_PROVIDED RECORDS_
-- Opening Marker --

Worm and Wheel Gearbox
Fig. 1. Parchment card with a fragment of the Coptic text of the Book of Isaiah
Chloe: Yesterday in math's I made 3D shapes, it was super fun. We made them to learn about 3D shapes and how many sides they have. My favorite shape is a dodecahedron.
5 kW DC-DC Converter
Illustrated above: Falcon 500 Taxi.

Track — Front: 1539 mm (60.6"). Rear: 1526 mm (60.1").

-- Closing Marker --
-- Opening Marker --

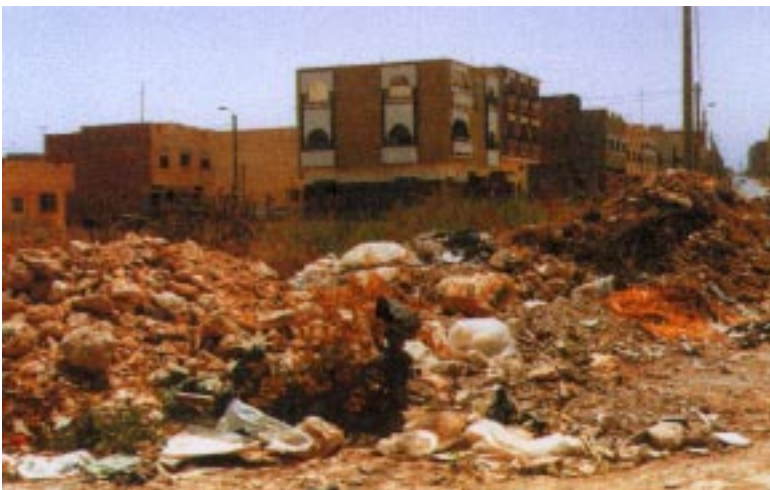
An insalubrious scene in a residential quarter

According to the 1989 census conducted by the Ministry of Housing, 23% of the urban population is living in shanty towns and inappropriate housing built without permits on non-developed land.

-- Closing Marker --

_PROBLEM STATEMENT_
Only the lines above starting at the line that holds "Fig. 1. Parchment" and ending at the line that holds "Track — Front: 1539" are to be repeated, exactly and in full.

_EXPECTED OUTPUT_
Fig. 1. Parchment card with a fragment of the Coptic text of the Book of Isaiah
Chloe: Yesterday in math's I made 3D shapes, it was super fun. We made them to learn about 3D shapes and how many sides they have. My favorite shape is a dodecahedron.
5 kW DC-DC Converter
Illustrated above: Falcon 500 Taxi.

Track — Front: 1539 mm (60.6"). Rear: 1526 mm (60.1").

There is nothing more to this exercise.